Он нашел помещение возле входа во двор, которое как раз пустовало и годилось для мастерской. Он заказал плотнику чертежный стол и другие приспособления, сделав предварительно точные чертежи. Он составил список, длинный список предметов, которые ему должны были доставлять из ближайших городов монастырские возницы. Он осмотрел у плотника и в лесу все запасы сваленного дерева, отобрал для себя много бревен и велел сложить их в огороде за мастерской для просушки, собственноручно соорудив над ними защитную крышу. Много надо было сделать и у кузнеца, сына которого, молодого мечтательного парня, он совершенно очаровал и привлек на свою сторону.
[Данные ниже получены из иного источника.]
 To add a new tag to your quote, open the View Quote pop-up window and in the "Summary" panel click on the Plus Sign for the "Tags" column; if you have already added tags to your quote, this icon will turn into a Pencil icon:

Вместе с ним он по полдня простаивал у горна, у наковальни, у чана с водой для охлаждения и у точильного камня, изготавливая многочисленные кривые и прямые резцы, долота, сверла и скребки, необходимые для обработки дерева. Сын кузнеца Эрих, юноша лет двадцати, стал Златоусту другом, во всем помогал ему с горячим участием и любопытством. Златоуст пообещал научить его играть на лютне, о чем тот страстно мечтал, кроме того, он мог попробовать себя и в резьбе по дереву. Если временами в монастыре или у Нарцисса Златоуст ощущал себя бесполезным и бывал угнетен, то с Эрихом он отдыхал, тот же робко любил его и безмерно почитал. Нередко он просил его рассказать о мастере Никлаусе и о епископском городе; иногда Златоуст с удовольствием делал это, а затем удивлялся, что вот он сидит и, подобно старику, повествует о своих странствиях и о делах минувших дней, в то время как его жизнь по-настоящему еще только начинается.
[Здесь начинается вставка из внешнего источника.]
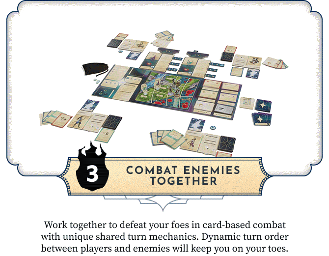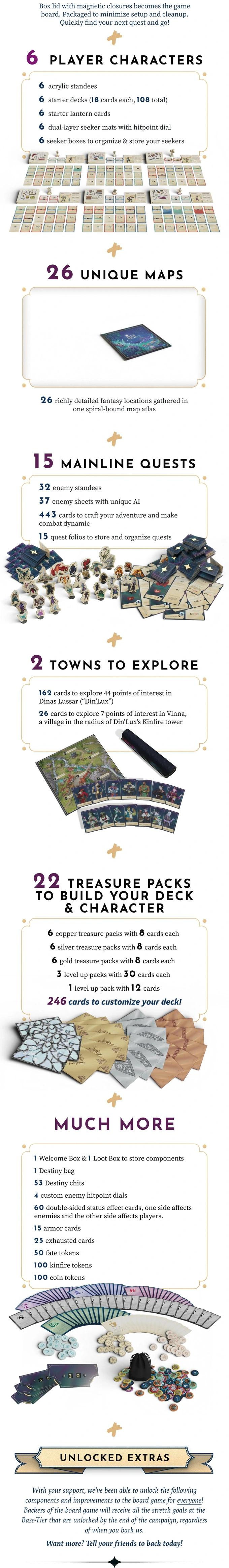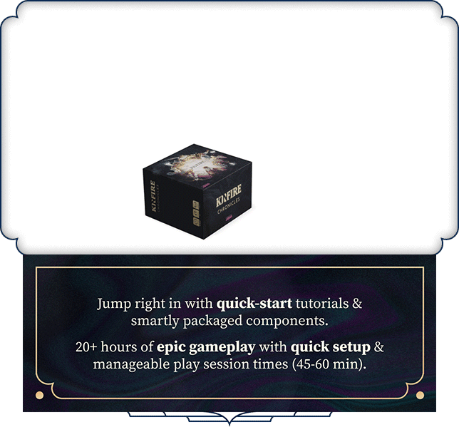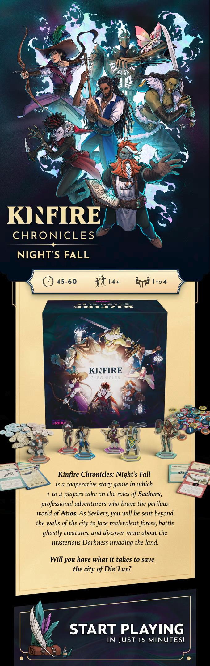 Kinfire Chronicles: Night's Fall is a co-operative campaign game for 1-4 players that blends thrilling fantasy adventure with tactical, edge-of-your-seat combat. Play as one of six unique Seekers, sworn to protect the city of Din’Lux and help rebuild the world beyond. Armed with kinfire lanterns, you’ll brave the Starless Nights, battle the creatures that emerge, and guard each others’ backs against the malevolent forces trying to stop you.
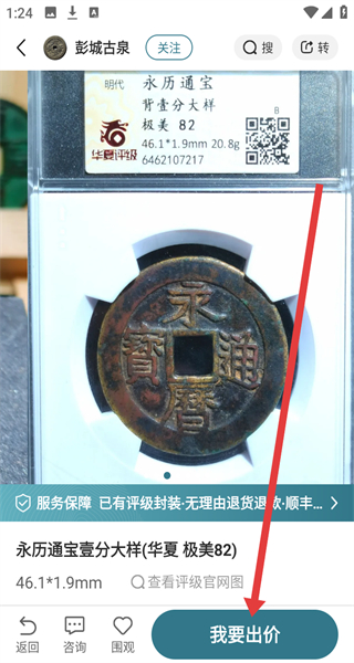 3、拍品详情页面点击“我要出价”,进入出价界面。

Что он в последнее время сильно изменился и не по годам постарел, не замечал никто, они ведь раньше его не знали. Тяготы странничества и беспорядочной жизни уже давно изнурили его; потом его до глубины души потрясли чума с ее бесчисленными ужасами и под конец задержание у графа и та жуткая ночь в подвале, все это оставило свои следы: седые волосы в белокурой бороде, тонкие морщинки на лице, временами неважный сон и возникающую усталость в сердце, вялость чувства и угасание любопытства, ощущение унылого безразличия, удовлетворенности и пресыщенности. Готовясь к работе, беседуя с Эрихом, помогая кузнецу и плотнику, он оттаивал, оживал и молодел, все восхищались им и любили его, но в промежутках он нередко по полчаса и даже часами сидел усталый и мечтательно улыбался, отдаваясь апатии и равнодушию.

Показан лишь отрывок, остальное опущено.